150GB plus 2.5 times the total input data size.

Processor and memory

The memory requirements depend on whether you choose GPU or CPU processing:

GPU CPU
  • one core

  • 11GB RAM

  • 32 cores

  • 32GB RAM

Tip
If your training data contains more than 1 million entries, use GPU.

1. Prepare the input data

  1. Format your input data as question/answer pairs, that is, a query and its corresponding response in each row.

    You can do this in any format that Fusion supports.

    If there are multiple possible answers for a unique question, then repeat the questions and put the pair into different rows to make sure each row has one question and one answer, as in the example JSON below:

    [{"question":"How to transfer personal auto lease to business auto lease?","answer":"I'd approach the lender that you're getting the lease from..."}
     {"question":"How to transfer personal auto lease to business auto lease?","answer":"See what the contract says about transfers or subleases..."}]
  2. Index the input data in Fusion.

    If you wish to have the training data in Fusion, index it into a separate collection for training data such as model_training_input. Otherwise you can use it directly from the cloud storage.

2. Configure the training job

  1. In Fusion, navigate to Collections > Jobs.

  2. Select Add > Smart Answers Supervised Training:

    Select the Smart Answers Supervised Training job

  3. In the Training Collection field, specify the input data collection that you created when you prepared the input data.

    Note
    In Fusion 5.3 and above, you can also configure this job to read from or write to cloud storage. See Configure An Argo-Based Job to Access GCS and Configure An Argo-Based Job to Access S3.
  4. Enter the names of the Question Field and the Answer Field in the training collection.

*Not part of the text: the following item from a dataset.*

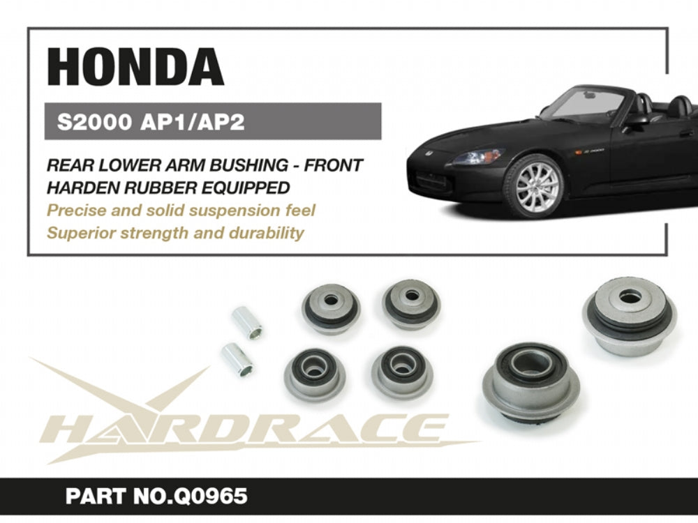 Hardened rubber bushings are made with a high strength and anti-crack rubber material, providing solid steering response and suspension feel with reduced deflection under extreme cornering loads.

  5. Enter a Model Deployment Name.

    The new machine learning model will be saved in the blob store with this name. You will reference it later when you configure your pipelines.

  6. Fusion 5.3 and later: Configure the Model base.

    There are several pre-trained word and BPE embeddings for different languages, as well as a few pre-trained BERT models.

    If you want to train custom embeddings, select word_custom or bpe_custom. This trains Word2vec on the provided data and specified fields. It might be useful in cases when your content includes unusual or domain-specific vocabulary.

    If you have content in addition to the query/response pairs that can be used to train the model, then specify it in the Texts Data Path.

    When you use the pre-trained embeddings, the log shows the percentage of processed vocabulary words. If this value is high, then try using custom embeddings.

    The job trains a few (configurable) RNN layers on top of word embeddings or fine-tunes a BERT model on the provided training data. The result model uses an attention mechanism to average word embeddings to obtain the final single dense vector for the content.

    Tip
    Dimension size of vectors for Transformer-based models is 768. For RNN-based models it’s 2 times the number units of the last layer. Dimensionality size can be also found in logs, search for Encoder output dim size: line. You might need this information when creating collections in Milvus.
  7. Optional: Check Perform auto hyperparameter tuning to use auto-tune.

    Although training module tries to select the most optimal default parameters based on the training data statistics, auto-tune can extend it by automatically finding even better training configuration through hyper-parameter search. Although this is a resource-intensive operation, it can be useful to identify the best possible RNN-based configuration. Transformer-based models like BERT aren’t used during auto hyperparameter tuning as they usually perform better yet they are much more expensive on both training and inference time.

  8. Click Save.

    The saved job configuration

    Note
    If using solr as the training data source ensure that the source collection contains the random_* dynamic field defined in its managed-schema. This field is required for sampling the data. If it is not present, add the following entry to the managed-schema alongside other dynamic fields <dynamicField name="random_*" type="random"/> and <fieldType class="solr.RandomSortField" indexed="true" name="random"/> alongside other field types.
  9. Click Run > Start.

After training is finished the model is deployed into the cluster and can be used in index and query pipelines.